Paragraph 100: The United States does not have sufficient information to assess this Objection. It appears, however, that the defendant and the USPO agree on the amount of the monthly support payment.
Paragraph 101: In light of the amount of the fine, his income and his assets, David Giordano can pay a fine. The defendant may also be able to pay his fine in installment payments.
PART D. SENTENCING OPTIONS
Paragraph 103: The position of the USPO and the United States is that the Total Offense Level is 14, not 10. His range is thus 15 to 21 months under the Sentencing Table. He does not qualify for sentencing under U.S.S.G. §5C1.1(c)(2) or (3).
Paragraph 108: The United States disagrees with this objection insofar as the defendant suggests a criminal fine under 18 U.S.C. § 3571(d) is inappropriate as a matter of law in this case. (David Giordano inadvertently refers to it as 18 U.S.C. § 3371(d).) The United States, however, does not intend to use this alternative fine provision against David Giordano.
Paragraph 109: This objection is wrong. The individual defendant's fine in this case -- as in all antitrust cases -- is governed by U.S.S.G. §2R1.1(d). Pursuant to U.S.S.G. §5E1.2(b), a special instruction provided for in Chapter Two takes precedence over the provisions set forth in U.S.S.G. §5E1.2(c). Thus, David Giordano must pay a criminal fine of at least $20,000. The United States recommends that a criminal fine at the top end of the range (5 percent of $614,436.39) be imposed. Accordingly, the United States recommends a criminal fine of $30,721.82 be imposed on David Giordano.

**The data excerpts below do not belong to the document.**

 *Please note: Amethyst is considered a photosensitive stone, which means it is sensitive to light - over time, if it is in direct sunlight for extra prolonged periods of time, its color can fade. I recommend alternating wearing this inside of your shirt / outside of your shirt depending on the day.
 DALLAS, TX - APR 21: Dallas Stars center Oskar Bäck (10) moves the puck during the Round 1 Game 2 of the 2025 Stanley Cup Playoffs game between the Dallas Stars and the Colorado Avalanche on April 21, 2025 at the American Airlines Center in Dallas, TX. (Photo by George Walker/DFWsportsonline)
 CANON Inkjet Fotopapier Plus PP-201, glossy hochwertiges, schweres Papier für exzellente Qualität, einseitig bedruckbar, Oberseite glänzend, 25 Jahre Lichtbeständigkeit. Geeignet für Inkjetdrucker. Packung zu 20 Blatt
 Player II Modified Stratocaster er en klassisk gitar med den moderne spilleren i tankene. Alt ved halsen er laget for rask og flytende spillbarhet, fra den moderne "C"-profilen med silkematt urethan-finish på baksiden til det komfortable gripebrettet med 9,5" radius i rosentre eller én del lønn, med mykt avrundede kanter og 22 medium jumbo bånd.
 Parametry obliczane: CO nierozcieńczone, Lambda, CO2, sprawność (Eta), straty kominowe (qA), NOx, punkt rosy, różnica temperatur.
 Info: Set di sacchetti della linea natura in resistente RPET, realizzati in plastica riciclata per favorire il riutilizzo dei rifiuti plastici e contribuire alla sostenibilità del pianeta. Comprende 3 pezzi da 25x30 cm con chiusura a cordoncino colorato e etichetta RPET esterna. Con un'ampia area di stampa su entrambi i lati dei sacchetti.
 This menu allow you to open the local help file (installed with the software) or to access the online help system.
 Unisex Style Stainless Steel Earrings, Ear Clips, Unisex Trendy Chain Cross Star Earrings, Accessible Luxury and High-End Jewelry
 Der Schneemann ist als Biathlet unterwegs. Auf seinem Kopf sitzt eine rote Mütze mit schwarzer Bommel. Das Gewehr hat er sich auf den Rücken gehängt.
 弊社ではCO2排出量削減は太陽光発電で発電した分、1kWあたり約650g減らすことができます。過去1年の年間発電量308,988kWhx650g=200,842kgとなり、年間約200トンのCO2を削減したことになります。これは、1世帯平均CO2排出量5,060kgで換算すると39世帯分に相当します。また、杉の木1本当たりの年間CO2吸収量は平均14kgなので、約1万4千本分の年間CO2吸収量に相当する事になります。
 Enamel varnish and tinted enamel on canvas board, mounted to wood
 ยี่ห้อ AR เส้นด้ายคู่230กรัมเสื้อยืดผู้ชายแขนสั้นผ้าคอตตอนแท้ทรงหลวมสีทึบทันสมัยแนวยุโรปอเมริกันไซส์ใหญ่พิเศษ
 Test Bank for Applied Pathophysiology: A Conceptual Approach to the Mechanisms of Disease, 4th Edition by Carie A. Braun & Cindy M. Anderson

Paragraph 112: This objection is groundless. There is no basis to support a downward departure for Giordano, Jr.
For the reasons stated above, David Giordano's objections are not well taken. The United States will submit a sentencing recommendation prior to the hearing.
1. U.S.S.G. §1B1.3, Application Note 1, states: "The principles and limits of sentencing accountability under this guideline are not always the same as the principles and limits of criminal liability. Under subsections (a)(1) and (a)(2), the focus is on the specific acts and omissions for which the defendant is to be held accountable in determining the applicable guideline range, rather than on whether the defendant is criminally liable for an offense as a principal, accomplice, or conspirator."
2. For sentencing purposes, the figures used by the United States in calculating the volume of commerce attributable to Atlas (and David Giordano) are the actual dollar amounts paid by Atlas to its suppliers of scrap. These actual amounts represent the true amount of the volume of commerce affected by the conspiracy. You would no more deduct freight costs from the volume of commerce than you would any other internalized cost (e.g., plant, power, equipment, labor, etc.). Pursuant to U.S.S.G. §2R1.1, all scrap purchases made by Atlas affected by the conspiracy should be included as volume of commerce attributable to David Giordano for sentencing purposes. See, e.g., United States v. Hayter Oil Co., Inc., 51 F.3d 1265 (6th Cir. 1995); United States v. Michael D. Andreas, et al., 1999 WL 51806 (N.D. Ill.).
3. Furthermore, according to the trial testimony, the agreed-upon prices represented "delivered" prices, i.e., it was assumed that if the conspirators picked up the scrap, the cost of the freight would be deducted from the agreed-upon price. McConnell testified that she did not want to go along with the conspiracy so, whenever Atlas picked up scrap, McConnell did not further reduce the price Atlas paid by deducting freight costs. She did not do so because she wanted to cheat on the agreement to ensure supply to Atlas. Because this is a buy-side conspiracy, her cheating actually increased the dollar volume of commerce affected by the conspiracy and attributable to Atlas and David Giordano. David Giordano should not now be allowed for sentencing purposes to decrease his volume of commerce to offset the fact that, during the conspiracy, Atlas' cheating increased the volume of commerce.